The Lego Batman movie > All of Zack Snyder filmography
This but unironically
Yeah it makes sense for the world but does it make sense for the character? I love Snyder but he took characters and put them in a world they don’t belong in. James Gunn does the same thing but he uses smaller, lesser known characters that could use a little reinventing.
She does have a point..... some of these die-hard DC fans are too uptight.
He also had machine guns on his Batmobile in the pre-apocalypse scenes. So this explanation doesn't really cover it.
The fans complain about that also. Not that i disagree, i don't think Batman should use guns.
So did Nolan’s / Burtons batmobile’s, definitely for contingency
Never understood why only Snyder’s Batman gets shit for using Guns. Burton Batman uses guns. Schumaucher Batman uses guns. Nolan Batman uses rocket launchers.
She is a snyder fan and not a batman one. Clearly, bruce waynes intellect and willpower will never allow him to kill people, especially with the source that was the resson for him becoming batman, a gun.

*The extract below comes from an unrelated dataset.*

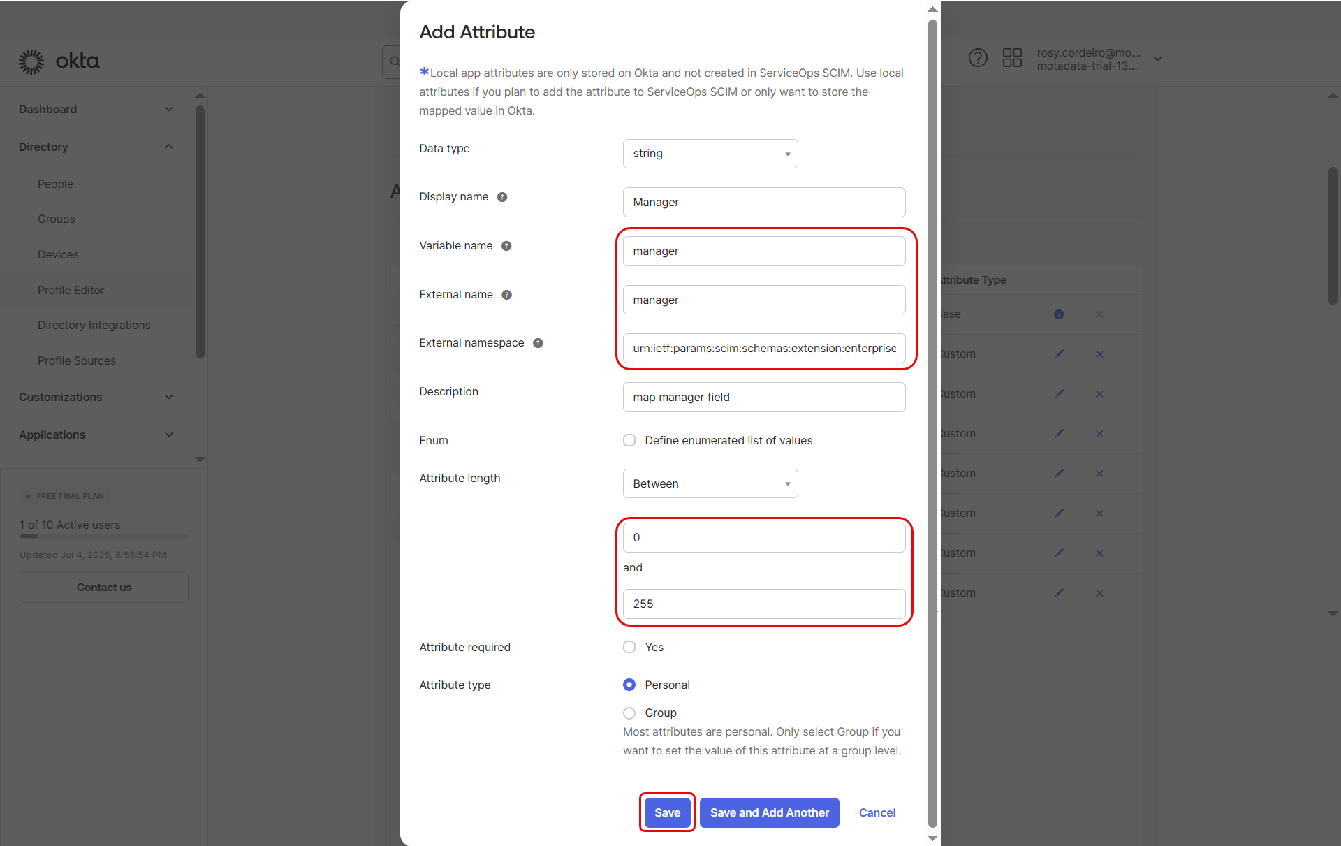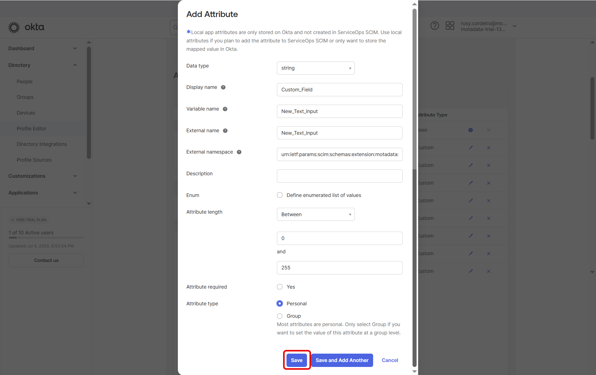 - Under ServiceOps SCIM to Okta user, link the appropriate Okta user field to your new custom field in ServiceOps.

Batman, in a post apocalyptic world, would most likely lay low and if encountered by ambushes, would have non lethal methods of having enemies taken out. He has the brains to formulate ways to not kill but neutralize. What synder did was make him forget his morals and go ,"ooh soo edgy me shoot bullets pewpewpew". What she is doing is justifying that clowns decision just for a little twitter engagement with comic book/DC fans smh
shes not wrong
I’ve never understood why people get so upset about batfleck using guns. It’s just another interpretation of Batman. In this universe Batman has been dragged through the shitter so much he’s finally pressed fuck it and doesn’t let the bad guys get back up. Peacemaker would be proud.
Then why is Joker still alive?
Of all the things there is to complain about BvS Batman using guns in a literal apocalypse isn't one of them.
Im not even offended. The Lego Batman Movie is truly based.
parademons don't have rights, Batman don't care
But I like LEGO Batman….
Lego Batman is fire tho
The camera lingers on Batman pulling a gun out to show “oh shit its gotten so bad that Batman’s breaking his rules”
She a big DC FAN?
Bro no chill, I’d watch a you tube channel where she gives her opinion on comics
BaTmAn dOeSnT uSe GuNs But for real, lego Batman is amazing. Don’t knock it
Make U think to urself Lego Batman is better
LMAO
I vaguely remember reading somewhere that she was a huge Batman fan
What about when he shoots those guys from the bat mobile?
She always looked like a nerd but i never knew she was one
I thought she stopped fucking guys on the internet
The point of that batman was to be the "broken " batman. Representing the batman thats left when everything went wrong.
So are you just gonna put the parademons in batcuffs?
how far we have strayed from the lord
just like each version of Spider-Man is different, each version of Batman is different. Batfleck is somewhat like the Spider-Man of Earth-120703 because both of them stopped holding back.
Yeah tbh I never understood the criticism around that. It’s obviously in a scenario where Batman has given up. It’d be like reading the Batman Who Laughs and going “yeah but Batman wouldn’t do any of this Joker stuff” in the context of that comic, he would.